Оптогенетика для лечения слепоты | L’optogénétique pour le traitement de la cécité
Практически библейское чудо удалось совершить международной исследовательской группе под руководством профессора Базельского университета, директора Института молекулярной и клинической офтальмологии Базеля (IOB) Ботонда Роска и профессора Питтсбургского университета Жозе-Алена Сахеля. Ученые, которые уже более десяти лет работают над лечением наследственной слепоты, разработали специальную генную терапию, частично возвращающую зрение слепым людям, сообщает Базельский университет.
Речь идет о том виде слепоты, которая вызывается наследственным заболеванием фоторецепторов глаза. Напомним, что фоторецепторы – это светочувствительные клетки сетчатки, которые с помощью белков-опсинов преобразуют свет в электрические стимулы и передают зрительную информацию из глаза в мозг по зрительному нерву. Однако при многих наследственных поражениях глаз фоторецепторы дегенерируют, в результате чего больные теряют способность видеть.
Исследователи применили метод оптогенетики, при котором клетки генетически модифицируются для производства светочувствительных белков. Чтобы восстановить чувствительность сетчатки к свету, ученые ввели в ганглионарные клетки особые гены для производства белка ChrimsonR. Этот белок поглощает желтоватый свет, который более безопасен для клеток сетчатки, чем синий, обычно используемый в оптогенетике. Исследовательская группа также разработала специальную пару очков, оснащенных камерой, которая фиксирует окружающую среду и проецирует изображения, преобразованные в длины световых волн, на сетчатку глаза.

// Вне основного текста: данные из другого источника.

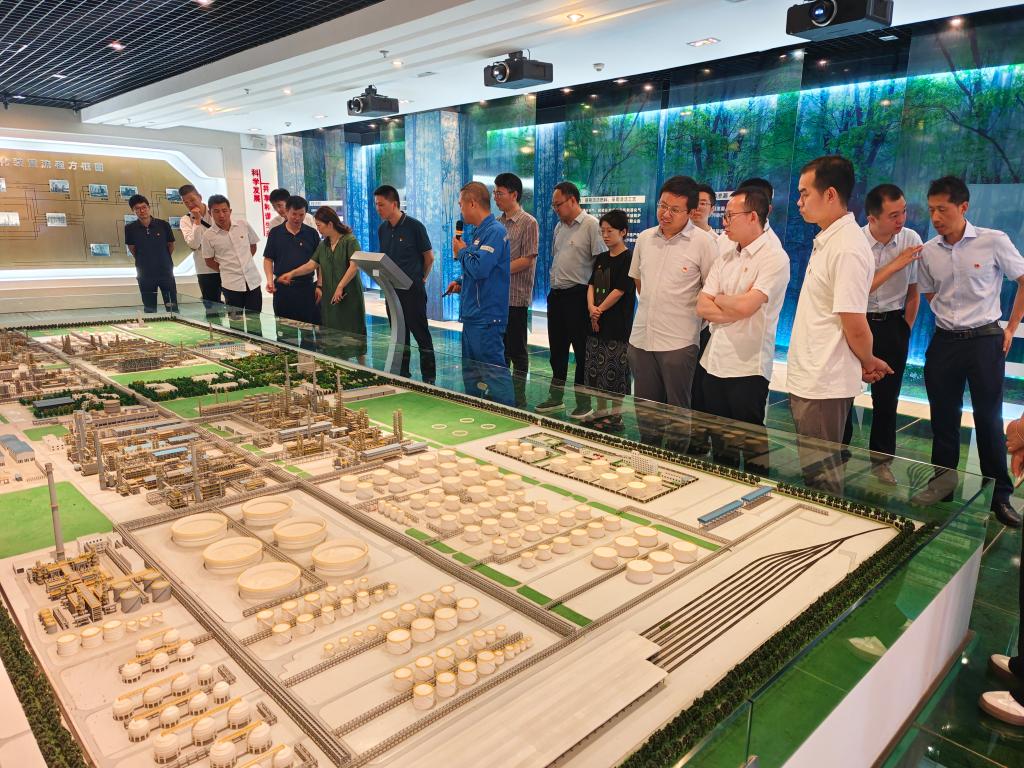 四川石化公司质量检测中心党委书记张关强带领大家参观四川石化公司模拟沙盘并观看宣传片。中国石油四川石化公司是西南地区首个特大型石油化工企业,包含1000万吨炼油、80万吨乙烯配套组成的炼化一体化项目,产品包括汽油、航空煤油等30余种,是国家实施能源战略布局和支持西部发展以点带面的特重大项目。
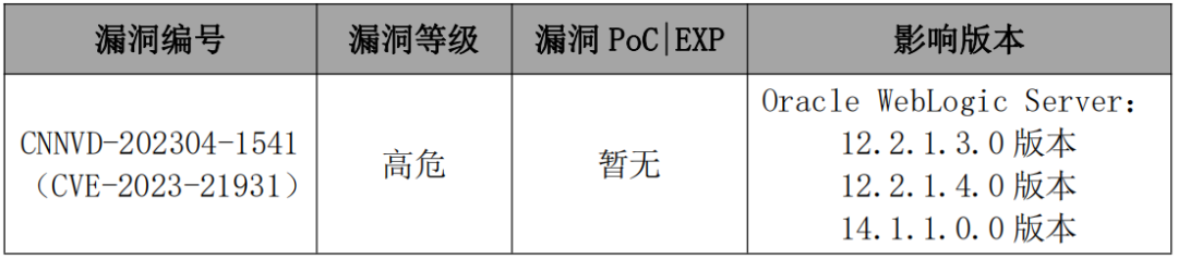 近日,嘉诚安全监测到Oracle官方发布了 WebLogic Server 敏感信息泄露漏洞的安全风险通告,漏洞编号为:CNNVD-202304-1541(CVE-2023-21931)。
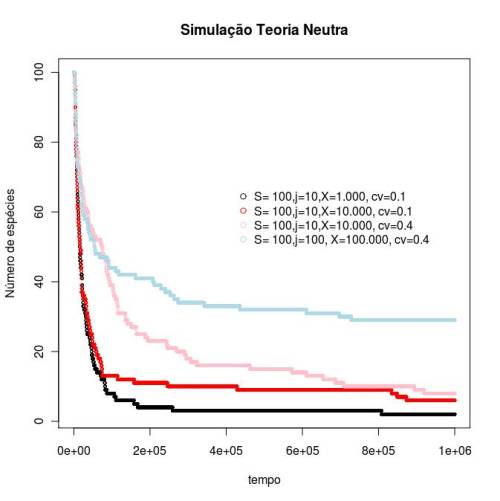 ### Simulações de Cenários Nulos #### ## 04 de maio de 2011 #S = número de espécies da comunidade : inteiro positivo #J = número de indivíduos da comunidade (tamanho da comunidade): inteiro positivo #xi = número de propágulos que o indivíduo i produz por intervalo #cv = proporção de variação na produção de propágulos em relação a sua esperança: real positivo #X = total de propágulos que um indivíduo produz (esforço reprodutivo total): inteiro positivo ### Aumentando o número de indivíduos da comunidade ## Já rodados: # padrão 1: S= 100, j=10, X=1.000, cv=0.1, ciclo=1e6, step=100 # cenario 2: S= 100, j=10, X=10.000, cv=0.1, ciclo=1e6, step=100 # cenário 3: S= 100, j=10, X=10.000, cv=0.4, ciclo=1e6, step=100 # cenário 4: S= 100, j=100, X=100.000,cv=0.4, ciclo=1e6, step=100 ## A PARTIR DO CENÁRIO 2 VARIANDO O CV: # cv=0.01 sn_cv0.01=simula.neutra.step(S=100, j=10,X=10000, cv=0.01, ciclo=1e6, simula=100) # cv=0.05 sn_cv0.05=simula.neutra.step(S=100, j=10,X=10000, cv=0.05, ciclo=1e6, simula=100) # cv=0.15 sn_cv0.15=simula.neutra.step(S=100, j=10,X=10000, cv=0.15, ciclo=1e6, simula=100) # cv=0.3 sn_cv0.3=simula.neutra.step(S=100, j=10,X=10000, cv=0.3, ciclo=1e6, simula=100) # cv=0.6 sn_cv0.6=simula.neutra.step(S=100, j=10,X=10000, cv=0.6, ciclo=1e6, simula=100) # cv=0.9 sn_cv0.9=simula.neutra.step(S=100, j=10,X=10000, cv=0.9, ciclo=1e6, simula=100) # cv=1.2 sn_cv1.2=simula.neutra.step(S=100, j=10,X=10000, cv=1.2, ciclo=1e6, simula=100) # cv=1.6 sn_cv1.6=simula.neutra.step(S=100, j=10,X=10000, cv=1.6, ciclo=1e6, simula=100) # cv=2.0 sn_cv2.0=simula.neutra.step(S=100, j=10,X=10000, cv=2, ciclo=1e6, simula=100)
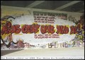 A brick wall bearing graffiti in English and Spanish about AIDS and bottles of bleach with a billboard advertising the AIDS Information Line; advertisement by the Colorado Department of Health, Denver AIDS Prevention and Project Safe. Graffiti by Zoom One and Vince Manolo. Colour lithograph by Julee Wilets, 1989.
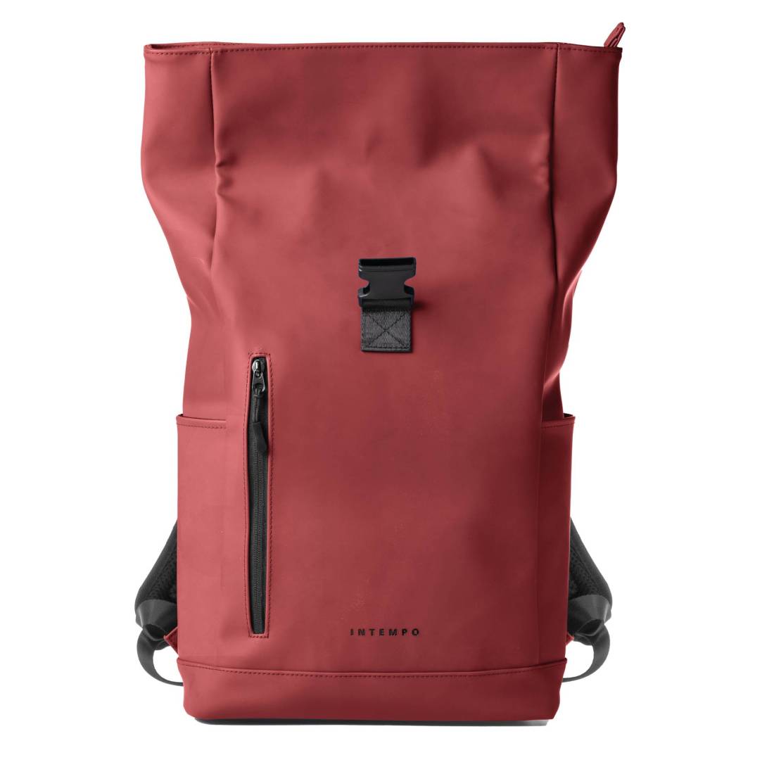 Zaino roll-top in gomma antipioggia, tasca frontale portachiavi e accessori. Grande vano centrale con all’interno guscio estraibile per notebook 15”. Doppia tasca laterale per borraccia e ombrello, schienale e tracolle imbotite, maniglia per il trasporto.
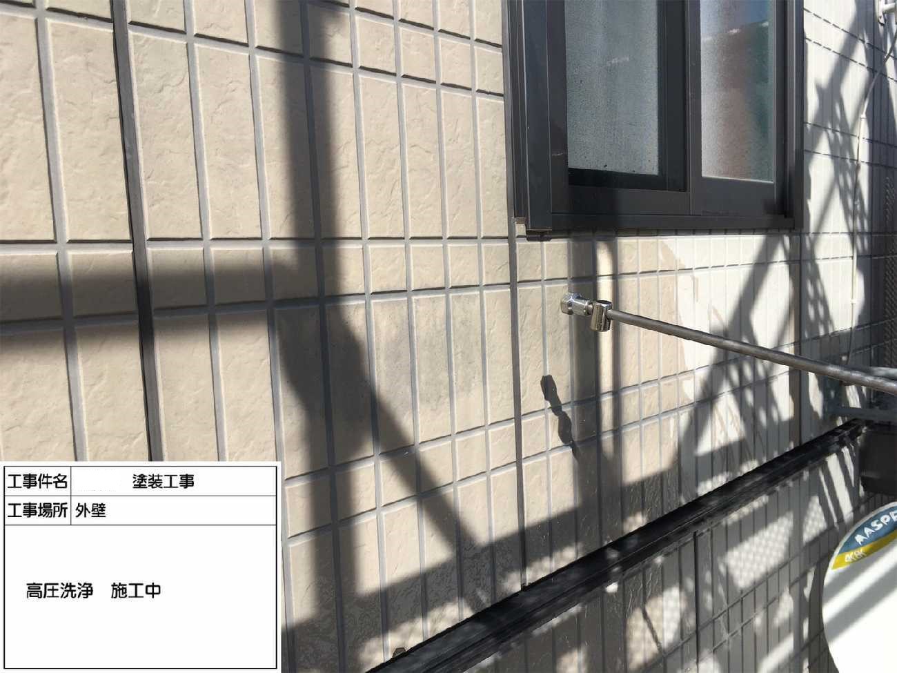 外壁の高圧洗浄作業です。 綺麗に塗装を行うためにここで洗浄作業を行います。
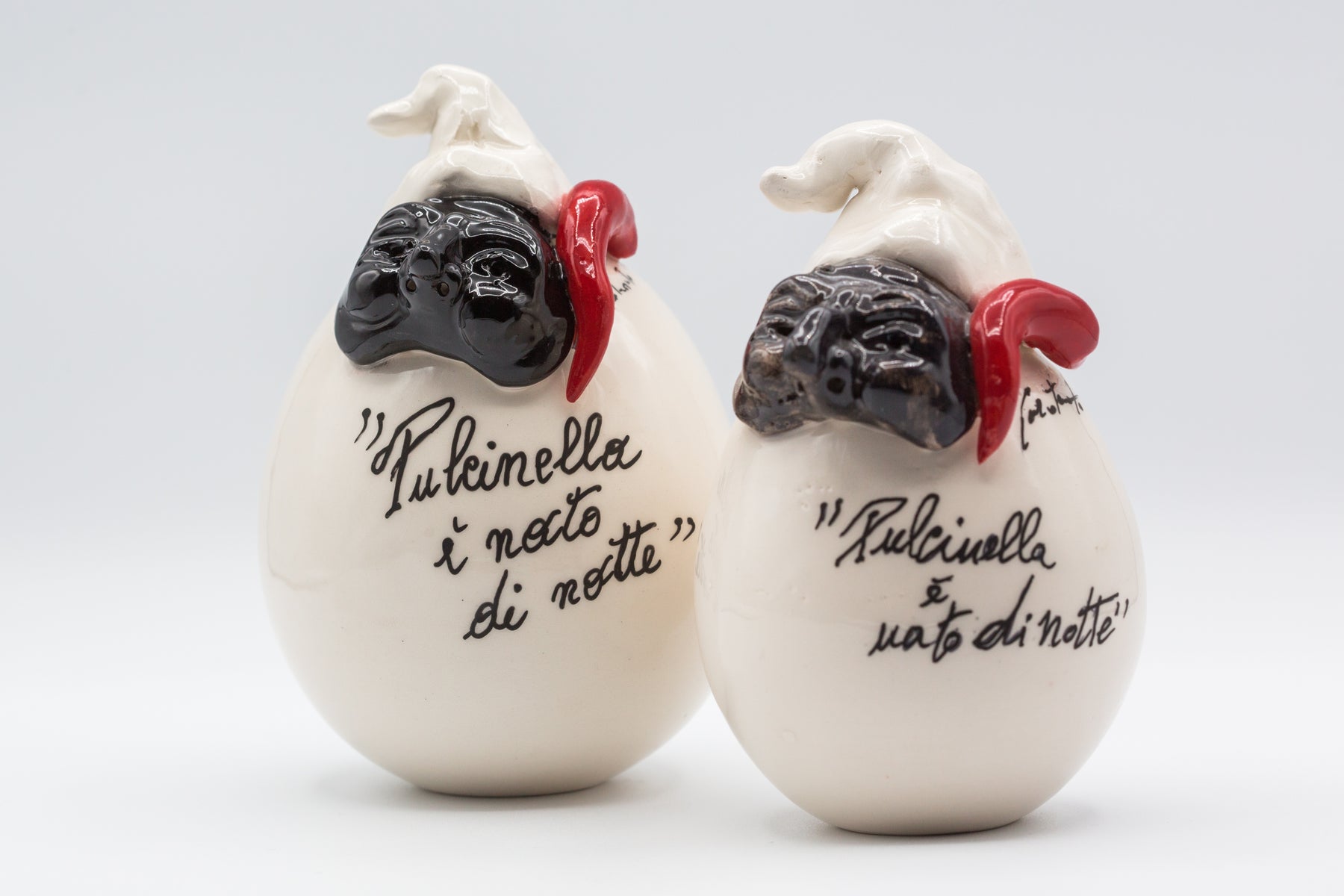Quest'uovo è un’esplosione di simbolismo e fascino: al centro della scena si trova l'uovo, simbolo universale di vita e rinascita, decorato con la maschera di Pulcinella, spirito ironico e ribelle, emblema della saggezza popolare, che ci ricorda di non prendere la vita troppo sul serio e di affrontare le sfide con spirito e umorismo.Accanto c'è il piccolo cornetto portafortuna, simbolo antico di protezione contro il male, messo sull’uovo a custodirne il segreto, proteggendolo dagli sguardi invidiosi e dalle energie negative. Fa parte della linea “Pulcinella è nato di notte”, perché la notte è il regno del silenzio, dove le maschere dormono e le idee si svegliano. È lì, tra ombra e mistero, che nasce l’ironia più autentica, dove il fragile diventa forza e ciò che è segreto trova voce. Quest’uovo è un potente simbolo di vita, gioia, protezione e resilienza. Completo di certificato artigianale, brochure esplicativa e elegante scatola avorio con logo dell’artista.

Примерно через пять месяцев после того, как пациент получил генную терапию, он приступил к тренировкам в очках. Это стабилизировало производство светочувствительного белка ChrimsonR в клетках сетчатки. Через семь месяцев пациент сообщил о признаках улучшения зрения. Он смог локализовать, находить, осязать и считать предметы на белом столе перед глазами, но только с помощью специальных очков. В одном тесте его попросили определить местонахождение и прикоснуться к большой тетради или маленькой коробке со скрепками. В случае с тетрадью он преуспел в 36 из 39 тестов (т.е. в 92% случаев), а с маленькой коробкой он добился успеха в 36% случаев.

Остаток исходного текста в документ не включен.